1. Davacı, Bilecik ili, Bozüyük Dodurga Jandarma Komutanlığında uzman jandarma çavuş olarak görev yaptığı Eylül/2003 tarihinde MP-5 marka tabanca ile kütüklük, şarjör ve mermi kaybolması olayı ile ilgili olarak yürütülen idari soruşturma sırasında, soruşturma heyeti başkanının işkencesine maruz kaldığını ileri sürerek, idarenin hizmet kusurundan dolayı şimdilik 5.000 TL maddi, 200.000 TL manevi tazminatın, haksız fiil tarihinden itibaren işleyecek yasal faiziyle birlikte ödenmesine karar verilmesi istemiyle idari yargı yerindedava açmıştır.

 

2. Davalı idare vekili süresi içinde verdiği savunma dilekçesinde, eylemin idari mahiyetini kaybederek haksız fiil niteliğini kazandığını, illiyet bağı kesildiği için idarenin sorumlu tutulamayacağı, davanın adli yargı yerinde görülmesi gerektiği görüşüyle davanın görev yönünden reddini talep etmiştir.

 

II. UYUŞMAZLIĞA İLİŞKİN BAŞVURU SÜRECİ

 

A. İdari Yargıda

 

3. Sakarya 2. İdare Mahkemesi 06/05/2022 tarihli ve E.2020/1021 sayılı kararı ile, yargı yolu itirazının reddine karar vermiştir. Kararın ilgili kısımları şöyledir:

 

"...Her ne kadar, davalı İdarenin savunma dilekçesinde, davanın adli yargının görev alanına girdiği ve görev yönünden reddi talep edilmiş ise de, davacının tazminat istemine konu olayın Eylül 2003 tarihinde meydana gelen MP-5 marka tabanca ile kütüklük, şarjör ve mermi kaybolması olayı ile ilgili olarak olarak kendisi hakkında yürütülen idari tahkikat sırasında, idari tahkikat heyeti başkanının iddia edildiği üzere kendisine işkence yapması olayı olduğu, davada tazmini istenilen zararı doğuran idari tahkikat heyeti başkanı olan kamu görevlisinin, davacıya idari tahkikat sırasında iddia edildiği üzere çeşitli şekillerde işkence etmesi olayında, sürecin işleyişi, kullanılan makam, olanak ve araçlar dikkate alındığında, kamu görevlisinin eylemiyle, kamu hizmetinin birbirinden ayrılabildiğinden ve idare ajanının suç niteliğindeki eylemlerinin hizmetle irtibatının kesildiğinden söz etmeye olanak bulunmadığından, iş bu davanın görüm ve çözümü idari yargının görev alanında bulunmaktadır.

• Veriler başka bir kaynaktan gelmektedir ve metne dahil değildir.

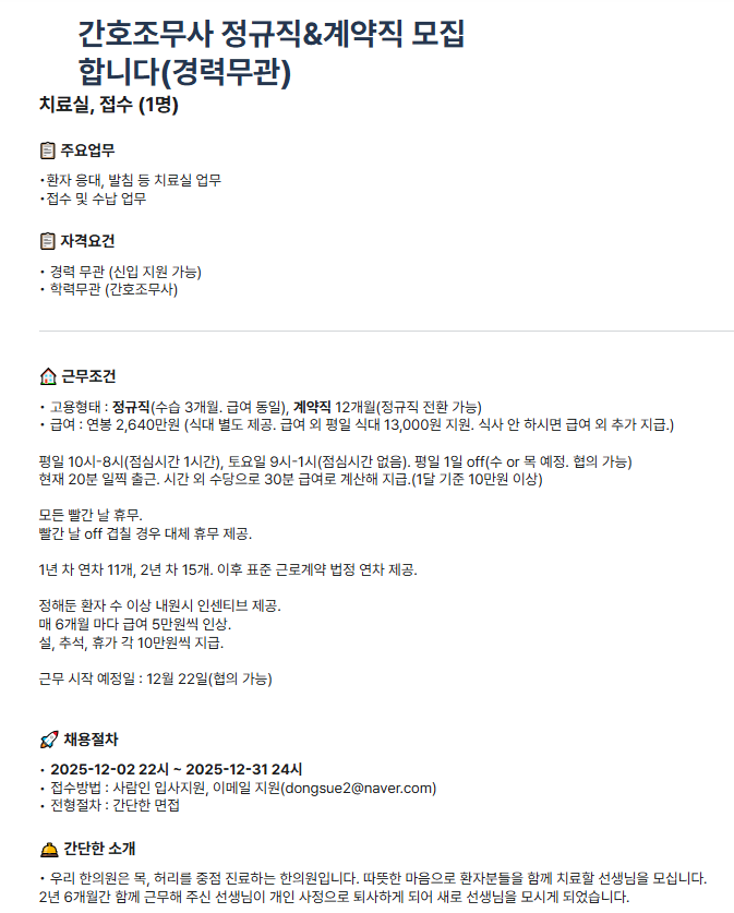 제주 이도한의원 간호조무사 선생님 모십니다. 페이지 정보 작성자 이O이 작성일25-12-09 15:59 조회148회 연락처 010-5604-0509 급여 월급 : 2200000 관련링크 본문 안녕하세요. 제주 이도한의원에서 간호조무사 선생님을 모십니다. 주소 : 제주특별자치도 제주시 승천로 81 2층 이전글 다음글 목록

Nitekim, başka bir uyuşmazlıkta, Danıştay İdari Dava Daireleri Kurulu'nun 15.10.2015 tarih ve E:2014/1987, K:2015/3535 kararı da aynı doğrultudadır."

 

4. Davalı idare vekili tarafından, olumlu görev uyuşmazlığı çıkarılması istemiyle başvuruda bulunulması üzerine dilekçe, dava dosyası ile birlikte Yargıtay Cumhuriyet Başsavcılığına gönderilmiştir.           

 

B. Olumlu Görev Uyuşmazlığı Çıkarılmasına İlişkin Yargıtay Cumhuriyet Başsavcılığı Talebi

 

5. Yargıtay Cumhuriyet Başsavcısı, suç teşkil eden eylem kamu görevi sırasında gerçekleşmiş olsa bile kamu hizmetinin bir gereği olarak değerlendirilmesinin mümkün olmadığı, bu itibarla ağır kişisel kusura dayalı eylem sonucu idarenin hizmet kusuru ile dava konusu olay arasındaki illiyet bağının kesildiği, davanın haksız fiillere özgü özel hukuk hükümleri çerçevesinde adli yargı yerinde görülmesi gerektiği görüşüyle, 2247 sayılı Kanun'un 10. maddesi uyarınca olumlu görev uyuşmazlığı çıkarılmasına karar vererek dosyayı Uyuşmazlık Mahkemesine göndermiştir. Olumlu görev uyuşmazlığı çıkarılmasına ilişkin talebin ilgili kısmı şu şekildedir:

 

"...memurlar ve diğer kamu görevlilerinin yetkilerini kullanırken kusurlu davrandıklarından bahisle haklı ya da haksız olarak yargı mercileri önüne çıkarılmasını önlemek ve kamu hizmetinin sekteye uğratılmadan yürütülmesini sağlamak suretiyle kamu düzenini korumak amaçlanmış; aynı zamanda, zarara uğrayan kişi bakımından, memurlar veya diğer kamu görevlilerine oranla ödeme gücü daha yüksek olan bir sorumlu (idare) muhatap kılınmıştır. Buna göre, kural olarak, kamu görevlisinin görev ve yetkilerini kullandığı sırada doğan zararın giderilmesi istemiyle, görev kusurunu kapsayan hizmet kusuru esasına dayanılarak, idari yargıda ve ancak idare aleyhine dava açılabilecek; yargı yerince tazminle yükümlü tutulması halinde idare, ilgili kanun kurallarının gösterdiği şekil ve şartlara uygun olarak, sorumlu personeline rücu edebilecektir.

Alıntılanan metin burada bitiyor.